Possibly all of the above, and more, but none of it in specific. I think it's really a case of brain overloading. When faced with what appear to be complex expressions that remind them of middle-school examinations, people's anxiety levels rise and their neural pathways tighten up, leading to a negative-feedback-loop-driven brain shutdown and a reversion to what "ought" to be. Some people learn to relax, slow down and let the channels open, or they have learned from practice not to be scared by mathematics, or they were never scared in the first place.

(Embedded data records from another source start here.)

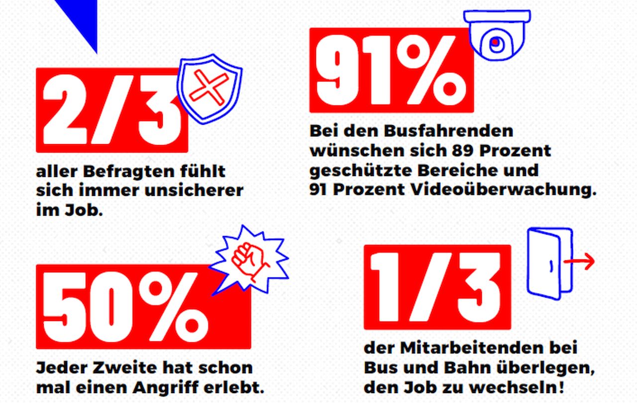 Unter den befragten Busfahrerinnen und Busfahrern, die bisher über keine der genannten Maßnahmen verfügen, wünschen sich 91 % Videoüberwachung, 89 % geschützte Bereiche und 86% Notrufoptionen. Die Sprecherin der Zentralen Fachgruppe Bus, Yvonne Liska, hatte es bei einem Treffen mit den Ministerpräsidenten der Länder Rheinland-Pfalz und Sachsen, Alexander Schweitzer und Michael Kretschmer, die derzeit den Vorsitz der Ministerpräsidentenkonferenz innehaben, deutlich gemacht: „Im Bus sind wir ganz allein, für uns gibt es keine Rückzugsmöglichkeit. Deshalb brauchen wir eine geschlossene Fahrerkabine, die uns vor Übergriffen schützt“.
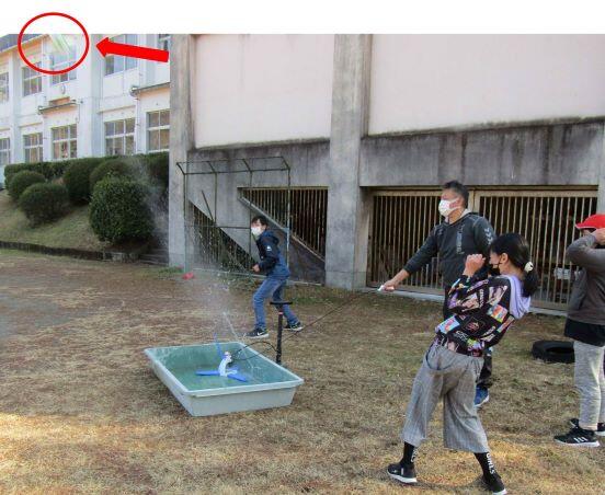 次は5・6年生です。同じように空気を入れてと・・・。発射ーっ! すみません、はしっこにかろうじて写っていました。(^_^;) ちょこっと空気がもれていたようで、あまり飛びませんでした。(>_<)
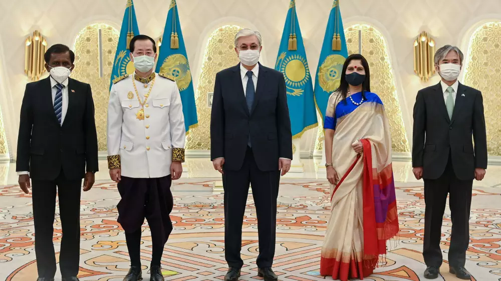 Верительные грамоты вручили посол Японии Джун Ямада, посол Индии Шубдаршини Трипати, а также послы по совместительству - посол Камбоджи Ким Хенг Миэ и посол Шри-Ланки Мигахаланде Дураге Ламаванса.

It's a fascinating thing to observe. As a teacher, I try to convey that all this persnicketiness is not only necessary (to understand the machine, which doesn't suffer from anxiety), but it can be fun, not scary, and that no one's hand will be slapped. (Of course, that runs the risk of me being classed as the Other, at which point teaching becomes even more of a challenge. :-)

But you've given me an idea. Maybe our poor school-scarred students would be helped by examining

/ descendant-or-self::node() / child:element[1]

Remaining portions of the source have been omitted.